Николая Рубцова «выгнали» из Москвы, лишив его музей единственного «пристанища» в столице столь горячо любимой им России, дом в селе Алепино, в котором родился и творил свои лучшие произведения Владимир Солоухин, разваливается…
Ещё и по этой причине пришлось проводить Рубцовские чтения в Государственной Думе. Организатором Чтений выступил депутат Госдумы РФ Вячеслав Позгалев. Среди участников: профессиональные актеры, школьники, студенты, политики, священники, музыкальные и творческие коллективы. Гости: дочь поэта Елена, основатель московского музея Майя Полетова, учителя, коллеги, сослуживцы и земляки поэта.
Выступившие на Чтениях выразили тревогу в связи с тем, что московский музей Рубцова сегодня «остался без крыши над головой», его экспозиция свернута. Народный артист РСФСР Александр Михайлов по этому поводу заметил:
— Мы должны сделать все возможное и невозможное, чтобы музей жил. Недавно смотрел большой опрос, который проводился среди молодежи. Современное поколение практически ничего не знает ни о Рубцове, ни об Есенине, ни о маршале Жукове, в лучшем случае про Пушкина «что-то слышали»… Зато они знают Ксюшу Собчак, Зверева, знают, что такое «лайки» и «селфи», и если этот процесс не остановить, серьезная деградация общества продолжится, а мы получим целые поколения «иванов, не помнящих родства»…
В январе 2016 года грядёт 80-летие поэта, и остаётся надеяться, что юбилейные Рубцовские чтения положат начало в череде мероприятий, которые должны увековечить память о Николае Рубцове, оставившем нам незабываемое поэтическое наследие.
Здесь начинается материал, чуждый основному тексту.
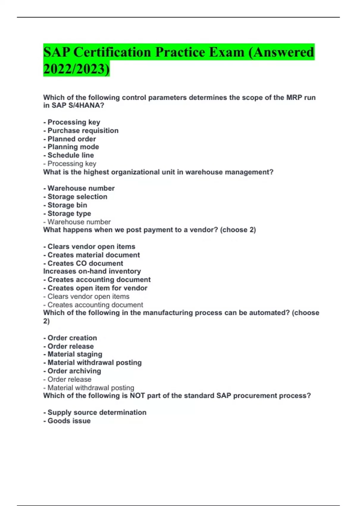 SAP Certification Practice Exam (Answered 2022/2023) Which of the following control parameters determines the scope of the MRP run in SAP S/4HANA? - Processing key - Purchase requisition - Planned order - Planning mode - Schedule line - Processing key What is the highest organizational unit in warehouse management? - Warehouse number - Storage selection - Storage bin - Storage type - Warehouse number What happens when we post payment to a vendor? (choose 2) - Clears vendor open items - Creates material document - Creates CO document Increases on-hand inventory - Creates accounting document - Creates open item for vendor - Clears vendor open items - Creates accounting document Which of the following in the manufacturing process can be automated? (choose 2) - Order creation - Order release - Material staging - Material withdrawal posting - Order archiving - Order release - Material withdrawal posting Which of the following is NOT part of the standard SAP procurement process? - Supply source determination - Goods issue - Invoice verification - Purchase order monitoring - Goods issue Select all HCM organizational objects: (choose 4) - Payroll area - Org unit - Persons - Employee self-service - Job - Position - Compensation - Org unit - Persons - Job - Position What is true of S/4HANA? (choose 4) - Multicore processors - Can run on any database platform - Row based data model - Big memory - Mandatory to use the material ledger - Business users must use Fiori - Multi processors - Big memory - Mandatory to use the material ledger - Business users must use Fiori In SAP S4/HANA, the SOP (Sales Operations Planning) is being replaced with which process? - COPA planning (COPA) - Production Planning (PP) - Integrated Business Planning (IBP) - Material Requirements Planning (MRP) - Integrated Business Planning (IBP) What process in EWM is used for determining the best storage bin for a material? - Picking - Stock transfer - Slotting - Goods receipt - Slotting The employee master data is stored on objects called: - Personnel file - InfoType - Personnel action - Positions - InfoType List the first four procure to pay steps in the correct order: - Create the PO, Determine Requirements, Determine source of supply, Select the vendor - Determine requirements, Select the vendor, Determine source of supply, Create the PO - Determine Requirements, Determine source of supply, Select the vendor, Create the PO - Determine source of supply, Determine Requirements, Select the vendor, Create the PO - Determine Requirements, Determine source of supply, Select the vendor, Create the PO What is the hierarchy of major project steps? - Activities - Tasks - Project plan - WBS - Network - WBS What is an output of MRP? (choose 2) - Purchase order - Sales order - Planned order - Purchase requisition - Quotation - Planned order - Purchase requisition A profit center cannot be assigned to which of the following? - Asset - Material - Cost Center - G/L Account - G/L Account Assessments for statistical key figures are achieved with which type of G/L Account? - Primary Cost Element - Non-Operating - Balance Sheet Account - Secondary Cost Element - Secondary Cost Element What is true about secondary cost elements? (choose 2) - Created in CO - Used for allocations - Created in FI - Used for analysis only - Used for allocations - Created in FI What does the material type determine? (choose 2) - The strategy group assigned to the material - Views displayed for maintaining the material - How the material number is assigned - The MRP type for the material - Views displayed for maintaining the material - How the material number is assigned Which elements are part of a sales area? (choose 2) - Sales organization - Material ledger - Purchasing organization - Distribution channel - Purchasing group - Sales organization - Distribution channel Which of the following are examples of technical objects? (choose 3) - Work centers - BOMs - Functional location - Structure - Equipment - BOMs - Functional location - Equipment Which of the following is a model of hierarchical steps to complete a project? - WBS element - Operative Structure - Network - Activities - WBS element

…В селе Алепино деревянный сруб солоухинского дома стыдливо прячется за каменными особняками, имитирующими пресловутые подмосковные «рублёвские дачи». Благодатное место усиленно обживается «купцами и боярами» из прилежащих городов и из самой Москвы. А в доме прохудилась крыша, и, чтобы дом не сгнил, к ней приспособили самодельный жестяной желоб. Разрушается и старинный храм в 200 метрах от дома, помнящий, как мать водила сына Володеньку на исповедь к священнику.
Приехавшие из Москвы литераторы и немногочисленные местные жители посетили кладбище, на котором покоится прах писателя, воспевшего русскую землю и завещавшего похоронить себя в родной земле. Возложили венок и алые гвоздики, которые вместе с полевыми цветами образовали причудливый букет, символизирующий собою подзабытую нынче «связь между городом и деревней»…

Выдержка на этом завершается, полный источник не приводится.